I'd like to build one
Can you link me to a how to build ?
Thanks
Tom


----------



## woodnthings (Jan 24, 2009)

*here Ya go!*

http://www.newwoodworker.com/bxjntjig.html  bill

For videos look here:
http://video.search.yahoo.com/searc...yoA?p=box joint jig&fr=ytff1-tyc7&fr2=piv-web


----------



## tcleve4911 (Dec 16, 2006)

Thanks Bill
Do you have/use one?
I'm concerned that I have to make different jigs for different slot widths?..no?
Just trying to wrap my head around this one i.e. should I use the router or table saw?


----------



## tcleve4911 (Dec 16, 2006)

*another method???*

Can I use my PC dovetail jig to do box joints?
Would I be limited in choice of widths, maybe?


----------



## del schisler (Nov 5, 2009)

tcleve4911 said:


> Can I use my PC dovetail jig to do box joints?
> Would I be limited in choice of widths, maybe?


yes go here and watch the video


----------



## woodnthings (Jan 24, 2009)

tcleve4911 said:


> Thanks Bill
> Do you have/use one?
> I'm concerned that I have to make different jigs for different slot widths?..no?
> Just trying to wrap my head around this one i.e. should I use the router or table saw?


Yes, No, Yes and either...
I have one for the router, Rockler, haven't used it yet.
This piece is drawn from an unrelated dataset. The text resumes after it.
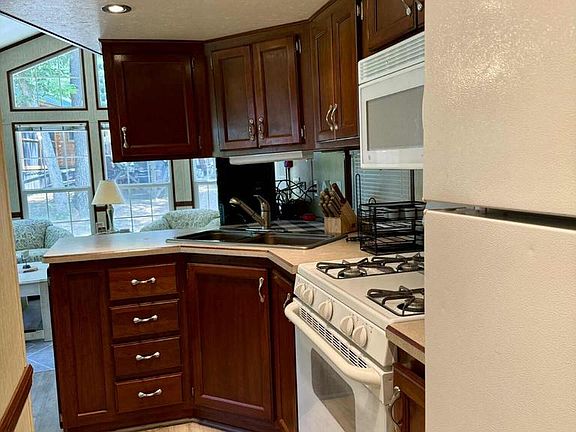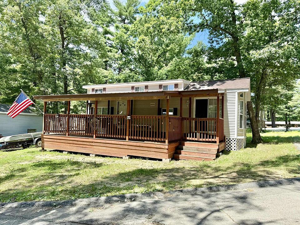 Welcome to the perfect getaway or seasonal home nestled on a desirably located corner lot in Jellystone Park! This 2006 park model features 2 bedrooms, one on the main and one cozy loft-style bedroom ideal for guests, kids, or extra storage and additional loft space. Inside you'll also find a bright and open layout featuring a kitchen, dining area, and living room filled with natural light ideal for relaxing after a day of fun at the waterpark. Step outside onto the huge covered front deck, a standout feature perfect for morning coffee, evening BBQs, or simply relaxing, rain or shine. This turn-key spot is perfect for making lifelong memories. Whether you're looking for a seasonal escape or a place to entertain, this park model has it all!

I have the Freud Box Joint blade set, haven't used them yet except to try them out.
Router or Table saw... tearout would be the main issue, and a backer board required. Possibly burning in some woods with a router....I donno? 
A regular dado stack unless it's top notch would leave some tear out and "ears" in the corners. ...six of each, half a dozen of either. :blink: bill


----------



## jharris (Jan 8, 2011)

woodnthings said:


> Yes, No, Yes and either...
> I have one for the router, Rockler, haven't used it yet. I have the Freud Box Joint blade set, haven't used them yet except to try them out.
> Router or Table saw... tearout would be the main issue, and a backer board required. Possibly burning in some woods with a router....I donno?
> A regular dado stack unless it's top notch would leave some tear out and "ears" in the corners. ...six of each, half a dozen of either. :blink: bill


I just bought the Rockler router table box joint jig. They have (had) it on sale for $79 and it included 1/4, 3/8 and 1/2" jig cauls and they threw in all 3 sizes of their box joint clamping cauls for free. I built some drawers with it yesterday and it works very well.

I figured this set up would be less time consuming and expensive than buying a good set of good box joint TS blades and building a TS jig to use them with.

I used poplar for the drawer boxes so I don't know about burning in harder woods. I hadn't thought about that. Thanks for the heads up.


----------